ORAL HYGIENE AND PERIODONTOLOGY

Periodontology is the area of dentistry that is dedicated to the treatment of diseases that affect the supporting tissues of the teeth: gums, bone and periodontal ligament.

What is periodontal disease?

Periodontal disease is a disease that affects the tissues that surround and support the teeth (the periodontium) which include, in addition to the gum, the olveolar bone and other structures responsible for keeping the teeth firmly implanted in the jaws.
Periodontal disease is divided into two major groups: gingivitis and periodontitis.

Gingivitis is the initial form of periodontal disease and superficial inflammation of the gum occurs. It is easily treated with full tissue recovery. However, if untreated, gingivitis can develop into a more serious disease: periodontitis.  

In periodontitis, there is a destruction of the structures that support the tooth (bone and periodontal ligament) due to bacteria and, if left untreated, it can lead to tooth loss. It is known that periodontitis is the main cause of tooth loss in adulthood, the main cause of these diseases being the prolonged presence of plaque and tartar. 

Generally, these diseases do not cause pain, even in the most advanced cases.

What are the main signs and symptoms of the disease?

  • Spontaneous bleeding or during brushing;
  • red gums;
  • presence of pus in the gums;
  • increased volume in the gums;
  • receding gums;
  • teeth sensitive to cold;
  • change in the position of the teeth;
  • bad breath and/or bad taste in the mouth;
    teeth with mobility

Is periodontal disease hereditary?

Yes. Although the presence of bacteria is always necessary, the severity of the lesions depends on the individual susceptibility of each one, which is a genetically determined characteristic.
Since we can do little to modify genetic predisposition, the way to prevent and treat periodontitis is through plaque control. People who have periodontitis, especially the most severe forms, often know close relatives who are also affected, which represents the family-hereditary character.

At what age does periodontal disease appear?

The most frequent forms appear in adults, starting around the age of 30. Generally, the younger the person, the more likely it is that a severe form of periodontitis will appear and need more care.
It is currently estimated that periodontitis affects almost one in two adults over 35 years.

What is the treatment?

The treatment involves, in the first phase, scaling down and root straightening and, in cases of more advanced periodontitis, there may be a need for periodontal surgery. 

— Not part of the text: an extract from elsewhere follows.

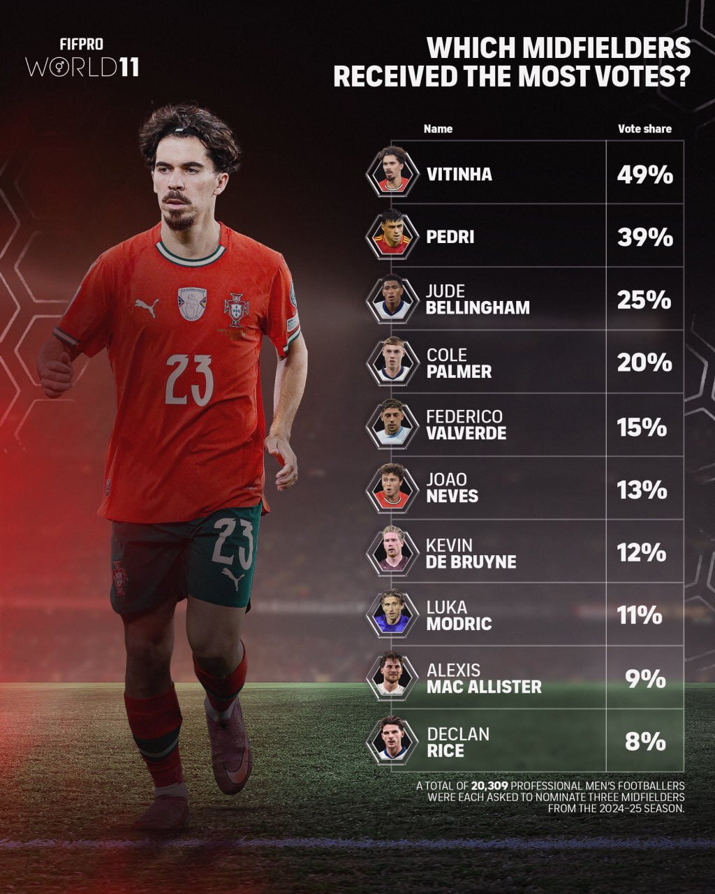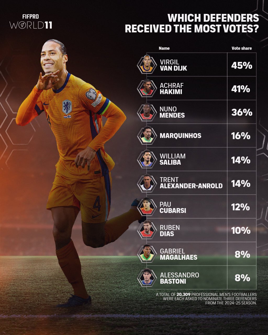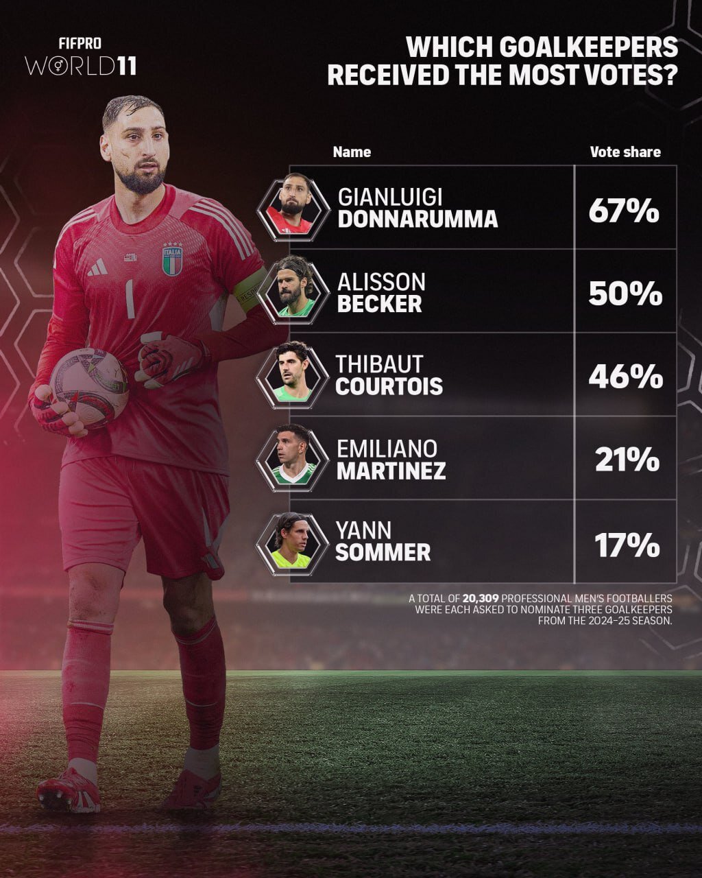 Beynəlxalq Peşəkar Futbolçular Assosiasiyaları Federasiyası (FIFPro) 2025-ci ilin yekunlarına əsasən dünyanın ən yaxşı oyunçularından ibarət rəmzi yığmanın seçki nəticələrini açıqlayıb.
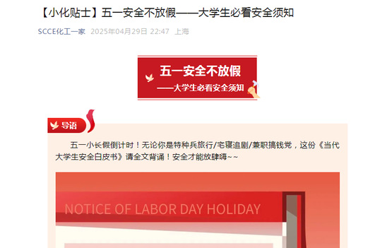 线上推送安全专题推文,强化云端警示。依托公司微信公众号、班级群等平台,推送《五一假期安全白皮书》,科普应急避险知识、传授安全防范措施。

What is the purpose of periodontal treatments?

The main objective of these treatments is to eliminate the bacteria responsible and control the factors that increase the susceptibility to periodontal diseases, such as tobacco and some systemic diseases, creating conditions so that the disease can remain under control in the long term.

Periodontology also aims to treat the sequelae of periodontitis (bone defects) through regenerative surgeries, as well as to correct gum changes (gummy smile or gum recession).

Is periodontal disease cured?

No. The treatment of periodontal disease can halt the progression of the disease, but it cannot cure in order to replace the lost tissue. On the other hand, as periodontitis is a chronic disease, regular maintenance visits are essential. Otherwise, the disease may reactivate again.

How important are maintenance appointments in periodontal disease?

We know that the success of treatment depends on perfect teamwork between the patient and his periodontist dentist. 

A patient with periodontitis should be monitored regularly. The periodicity between maintenance visits is defined by the periodontologist, based on the risk factors of each, in order to reduce the risk of tooth loss.